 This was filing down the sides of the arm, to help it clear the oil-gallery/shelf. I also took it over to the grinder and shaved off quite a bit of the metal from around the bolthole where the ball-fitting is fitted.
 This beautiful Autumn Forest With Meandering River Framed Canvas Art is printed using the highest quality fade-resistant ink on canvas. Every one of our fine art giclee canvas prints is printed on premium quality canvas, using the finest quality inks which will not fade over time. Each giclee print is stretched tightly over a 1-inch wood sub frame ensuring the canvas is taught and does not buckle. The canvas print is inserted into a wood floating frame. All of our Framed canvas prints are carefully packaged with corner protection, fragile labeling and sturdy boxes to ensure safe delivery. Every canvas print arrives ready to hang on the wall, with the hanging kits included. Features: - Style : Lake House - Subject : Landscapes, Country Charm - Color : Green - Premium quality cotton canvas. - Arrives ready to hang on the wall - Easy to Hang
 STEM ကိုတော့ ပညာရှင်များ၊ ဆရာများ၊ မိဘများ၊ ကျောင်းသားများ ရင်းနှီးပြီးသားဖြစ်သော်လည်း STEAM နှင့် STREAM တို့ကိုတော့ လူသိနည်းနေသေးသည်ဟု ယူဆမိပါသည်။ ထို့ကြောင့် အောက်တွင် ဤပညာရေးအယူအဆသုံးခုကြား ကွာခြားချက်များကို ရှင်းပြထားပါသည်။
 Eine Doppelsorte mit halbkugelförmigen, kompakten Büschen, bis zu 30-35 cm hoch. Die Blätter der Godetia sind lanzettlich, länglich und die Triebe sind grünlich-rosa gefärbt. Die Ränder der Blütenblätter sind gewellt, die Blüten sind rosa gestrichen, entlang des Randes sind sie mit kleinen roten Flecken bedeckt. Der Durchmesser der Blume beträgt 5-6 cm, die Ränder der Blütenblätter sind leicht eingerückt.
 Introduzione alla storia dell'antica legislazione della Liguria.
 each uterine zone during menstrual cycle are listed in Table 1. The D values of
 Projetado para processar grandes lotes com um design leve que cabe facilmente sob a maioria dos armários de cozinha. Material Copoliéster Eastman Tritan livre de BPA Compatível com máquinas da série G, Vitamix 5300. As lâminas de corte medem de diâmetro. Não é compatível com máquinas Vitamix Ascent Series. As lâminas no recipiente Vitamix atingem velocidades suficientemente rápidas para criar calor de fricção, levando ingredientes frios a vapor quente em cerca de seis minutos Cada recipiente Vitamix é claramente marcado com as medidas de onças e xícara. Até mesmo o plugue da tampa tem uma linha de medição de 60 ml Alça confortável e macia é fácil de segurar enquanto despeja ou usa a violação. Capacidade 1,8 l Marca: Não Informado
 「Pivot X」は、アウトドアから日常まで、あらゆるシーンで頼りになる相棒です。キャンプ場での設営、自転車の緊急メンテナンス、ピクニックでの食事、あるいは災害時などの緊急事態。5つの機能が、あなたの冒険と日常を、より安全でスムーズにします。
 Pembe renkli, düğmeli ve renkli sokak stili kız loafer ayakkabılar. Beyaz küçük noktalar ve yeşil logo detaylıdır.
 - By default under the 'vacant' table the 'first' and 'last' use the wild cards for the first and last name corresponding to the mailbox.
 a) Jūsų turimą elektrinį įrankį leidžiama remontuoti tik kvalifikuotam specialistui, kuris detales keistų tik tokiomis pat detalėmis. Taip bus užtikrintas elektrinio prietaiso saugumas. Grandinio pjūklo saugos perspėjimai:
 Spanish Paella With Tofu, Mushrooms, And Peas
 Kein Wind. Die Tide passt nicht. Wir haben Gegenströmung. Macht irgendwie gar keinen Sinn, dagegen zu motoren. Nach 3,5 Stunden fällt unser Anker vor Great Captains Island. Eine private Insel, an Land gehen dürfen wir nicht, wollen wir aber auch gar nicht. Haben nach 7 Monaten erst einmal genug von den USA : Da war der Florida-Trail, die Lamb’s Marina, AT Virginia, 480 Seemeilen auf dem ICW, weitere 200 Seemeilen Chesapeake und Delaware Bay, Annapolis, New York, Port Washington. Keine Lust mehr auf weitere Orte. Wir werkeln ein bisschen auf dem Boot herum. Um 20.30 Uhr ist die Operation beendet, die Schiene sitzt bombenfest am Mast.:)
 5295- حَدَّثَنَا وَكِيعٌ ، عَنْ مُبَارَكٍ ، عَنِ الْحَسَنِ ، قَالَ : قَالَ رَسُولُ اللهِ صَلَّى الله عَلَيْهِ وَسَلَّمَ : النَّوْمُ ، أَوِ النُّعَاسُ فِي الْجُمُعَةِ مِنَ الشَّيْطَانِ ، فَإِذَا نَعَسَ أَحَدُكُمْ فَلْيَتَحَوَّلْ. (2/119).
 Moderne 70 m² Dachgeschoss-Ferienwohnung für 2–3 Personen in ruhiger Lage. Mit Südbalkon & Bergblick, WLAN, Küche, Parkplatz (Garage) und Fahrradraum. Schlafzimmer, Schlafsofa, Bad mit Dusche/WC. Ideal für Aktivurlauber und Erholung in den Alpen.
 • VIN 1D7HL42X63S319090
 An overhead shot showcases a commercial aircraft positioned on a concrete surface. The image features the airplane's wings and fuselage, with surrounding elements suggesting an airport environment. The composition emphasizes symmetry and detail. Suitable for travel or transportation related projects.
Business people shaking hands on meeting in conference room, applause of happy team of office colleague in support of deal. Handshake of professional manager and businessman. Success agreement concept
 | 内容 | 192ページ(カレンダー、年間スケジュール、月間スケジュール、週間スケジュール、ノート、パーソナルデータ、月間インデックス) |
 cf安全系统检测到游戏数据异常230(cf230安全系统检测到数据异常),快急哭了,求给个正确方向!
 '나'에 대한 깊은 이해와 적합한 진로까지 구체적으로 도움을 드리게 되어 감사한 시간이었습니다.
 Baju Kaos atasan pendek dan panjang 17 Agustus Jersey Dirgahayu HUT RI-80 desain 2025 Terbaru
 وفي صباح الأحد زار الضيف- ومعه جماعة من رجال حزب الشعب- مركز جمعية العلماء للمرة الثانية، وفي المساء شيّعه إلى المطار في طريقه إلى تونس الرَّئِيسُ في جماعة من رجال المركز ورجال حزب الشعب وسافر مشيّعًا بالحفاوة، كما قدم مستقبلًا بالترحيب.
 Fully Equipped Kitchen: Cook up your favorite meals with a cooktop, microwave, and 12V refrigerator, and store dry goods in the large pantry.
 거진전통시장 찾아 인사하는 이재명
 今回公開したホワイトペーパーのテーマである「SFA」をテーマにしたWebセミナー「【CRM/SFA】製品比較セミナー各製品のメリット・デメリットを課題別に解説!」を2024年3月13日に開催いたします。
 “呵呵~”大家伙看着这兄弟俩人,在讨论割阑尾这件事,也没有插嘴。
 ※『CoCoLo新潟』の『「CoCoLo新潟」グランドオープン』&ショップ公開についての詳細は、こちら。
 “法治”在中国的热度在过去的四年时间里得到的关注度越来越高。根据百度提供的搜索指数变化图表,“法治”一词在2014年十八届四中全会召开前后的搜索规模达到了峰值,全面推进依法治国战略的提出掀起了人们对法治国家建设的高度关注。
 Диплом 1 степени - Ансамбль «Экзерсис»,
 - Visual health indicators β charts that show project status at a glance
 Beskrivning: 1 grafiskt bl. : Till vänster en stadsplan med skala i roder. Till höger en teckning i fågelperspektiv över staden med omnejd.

· · · · · · ·

> [What you need to do]
Copy the full listing word for word.

> [Solution]
 This was filing down the sides of the arm, to help it clear the oil-gallery/shelf. I also took it over to the grinder and shaved off quite a bit of the metal from around the bolthole where the ball-fitting is fitted.
 This beautiful Autumn Forest With Meandering River Framed Canvas Art is printed using the highest quality fade-resistant ink on canvas. Every one of our fine art giclee canvas prints is printed on premium quality canvas, using the finest quality inks which will not fade over time. Each giclee print is stretched tightly over a 1-inch wood sub frame ensuring the canvas is taught and does not buckle. The canvas print is inserted into a wood floating frame. All of our Framed canvas prints are carefully packaged with corner protection, fragile labeling and sturdy boxes to ensure safe delivery. Every canvas print arrives ready to hang on the wall, with the hanging kits included. Features: - Style : Lake House - Subject : Landscapes, Country Charm - Color : Green - Premium quality cotton canvas. - Arrives ready to hang on the wall - Easy to Hang
 STEM ကိုတော့ ပညာရှင်များ၊ ဆရာများ၊ မိဘများ၊ ကျောင်းသားများ ရင်းနှီးပြီးသားဖြစ်သော်လည်း STEAM နှင့် STREAM တို့ကိုတော့ လူသိနည်းနေသေးသည်ဟု ယူဆမိပါသည်။ ထို့ကြောင့် အောက်တွင် ဤပညာရေးအယူအဆသုံးခုကြား ကွာခြားချက်များကို ရှင်းပြထားပါသည်။
 Eine Doppelsorte mit halbkugelförmigen, kompakten Büschen, bis zu 30-35 cm hoch. Die Blätter der Godetia sind lanzettlich, länglich und die Triebe sind grünlich-rosa gefärbt. Die Ränder der Blütenblätter sind gewellt, die Blüten sind rosa gestrichen, entlang des Randes sind sie mit kleinen roten Flecken bedeckt. Der Durchmesser der Blume beträgt 5-6 cm, die Ränder der Blütenblätter sind leicht eingerückt.
 Introduzione alla storia dell'antica legislazione della Liguria.
 each uterine zone during menstrual cycle are listed in Table 1. The D values of
 Projetado para processar grandes lotes com um design leve que cabe facilmente sob a maioria dos armários de cozinha. Material Copoliéster Eastman Tritan livre de BPA Compatível com máquinas da série G, Vitamix 5300. As lâminas de corte medem de diâmetro. Não é compatível com máquinas Vitamix Ascent Series. As lâminas no recipiente Vitamix atingem velocidades suficientemente rápidas para criar calor de fricção, levando ingredientes frios a vapor quente em cerca de seis minutos Cada recipiente Vitamix é claramente marcado com as medidas de onças e xícara. Até mesmo o plugue da tampa tem uma linha de medição de 60 ml Alça confortável e macia é fácil de segurar enquanto despeja ou usa a violação. Capacidade 1,8 l Marca: Não Informado
 「Pivot X」は、アウトドアから日常まで、あらゆるシーンで頼りになる相棒です。キャンプ場での設営、自転車の緊急メンテナンス、ピクニックでの食事、あるいは災害時などの緊急事態。5つの機能が、あなたの冒険と日常を、より安全でスムーズにします。
 Pembe renkli, düğmeli ve renkli sokak stili kız loafer ayakkabılar. Beyaz küçük noktalar ve yeşil logo detaylıdır.
 - By default under the 'vacant' table the 'first' and 'last' use the wild cards for the first and last name corresponding to the mailbox.
 a) Jūsų turimą elektrinį įrankį leidžiama remontuoti tik kvalifikuotam specialistui, kuris detales keistų tik tokiomis pat detalėmis. Taip bus užtikrintas elektrinio prietaiso saugumas. Grandinio pjūklo saugos perspėjimai:
 Spanish Paella With Tofu, Mushrooms, And Peas
 Kein Wind. Die Tide passt nicht. Wir haben Gegenströmung. Macht irgendwie gar keinen Sinn, dagegen zu motoren. Nach 3,5 Stunden fällt unser Anker vor Great Captains Island. Eine private Insel, an Land gehen dürfen wir nicht, wollen wir aber auch gar nicht. Haben nach 7 Monaten erst einmal genug von den USA : Da war der Florida-Trail, die Lamb’s Marina, AT Virginia, 480 Seemeilen auf dem ICW, weitere 200 Seemeilen Chesapeake und Delaware Bay, Annapolis, New York, Port Washington. Keine Lust mehr auf weitere Orte. Wir werkeln ein bisschen auf dem Boot herum. Um 20.30 Uhr ist die Operation beendet, die Schiene sitzt bombenfest am Mast.:)
 5295- حَدَّثَنَا وَكِيعٌ ، عَنْ مُبَارَكٍ ، عَنِ الْحَسَنِ ، قَالَ : قَالَ رَسُولُ اللهِ صَلَّى الله عَلَيْهِ وَسَلَّمَ : النَّوْمُ ، أَوِ النُّعَاسُ فِي الْجُمُعَةِ مِنَ الشَّيْطَانِ ، فَإِذَا نَعَسَ أَحَدُكُمْ فَلْيَتَحَوَّلْ. (2/119).
 Moderne 70 m² Dachgeschoss-Ferienwohnung für 2–3 Personen in ruhiger Lage. Mit Südbalkon & Bergblick, WLAN, Küche, Parkplatz (Garage) und Fahrradraum. Schlafzimmer, Schlafsofa, Bad mit Dusche/WC. Ideal für Aktivurlauber und Erholung in den Alpen.
 • VIN 1D7HL42X63S319090
 An overhead shot showcases a commercial aircraft positioned on a concrete surface. The image features the airplane's wings and fuselage, with surrounding elements suggesting an airport environment. The composition emphasizes symmetry and detail. Suitable for travel or transportation related projects.
Business people shaking hands on meeting in conference room, applause of happy team of office colleague in support of deal. Handshake of professional manager and businessman. Success agreement concept
 | 内容 | 192ページ(カレンダー、年間スケジュール、月間スケジュール、週間スケジュール、ノート、パーソナルデータ、月間インデックス) |
 cf安全系统检测到游戏数据异常230(cf230安全系统检测到数据异常),快急哭了,求给个正确方向!
 '나'에 대한 깊은 이해와 적합한 진로까지 구체적으로 도움을 드리게 되어 감사한 시간이었습니다.
 Baju Kaos atasan pendek dan panjang 17 Agustus Jersey Dirgahayu HUT RI-80 desain 2025 Terbaru
 وفي صباح الأحد زار الضيف- ومعه جماعة من رجال حزب الشعب- مركز جمعية العلماء للمرة الثانية، وفي المساء شيّعه إلى المطار في طريقه إلى تونس الرَّئِيسُ في جماعة من رجال المركز ورجال حزب الشعب وسافر مشيّعًا بالحفاوة، كما قدم مستقبلًا بالترحيب.
 Fully Equipped Kitchen: Cook up your favorite meals with a cooktop, microwave, and 12V refrigerator, and store dry goods in the large pantry.
 거진전통시장 찾아 인사하는 이재명
 今回公開したホワイトペーパーのテーマである「SFA」をテーマにしたWebセミナー「【CRM/SFA】製品比較セミナー各製品のメリット・デメリットを課題別に解説!」を2024年3月13日に開催いたします。
 “呵呵~”大家伙看着这兄弟俩人,在讨论割阑尾这件事,也没有插嘴。
 ※『CoCoLo新潟』の『「CoCoLo新潟」グランドオープン』&ショップ公開についての詳細は、こちら。
 “法治”在中国的热度在过去的四年时间里得到的关注度越来越高。根据百度提供的搜索指数变化图表,“法治”一词在2014年十八届四中全会召开前后的搜索规模达到了峰值,全面推进依法治国战略的提出掀起了人们对法治国家建设的高度关注。
 Диплом 1 степени - Ансамбль «Экзерсис»,
 - Visual health indicators β charts that show project status at a glance
 Beskrivning: 1 grafiskt bl. : Till vänster en stadsplan med skala i roder. Till höger en teckning i fågelperspektiv över staden med omnejd.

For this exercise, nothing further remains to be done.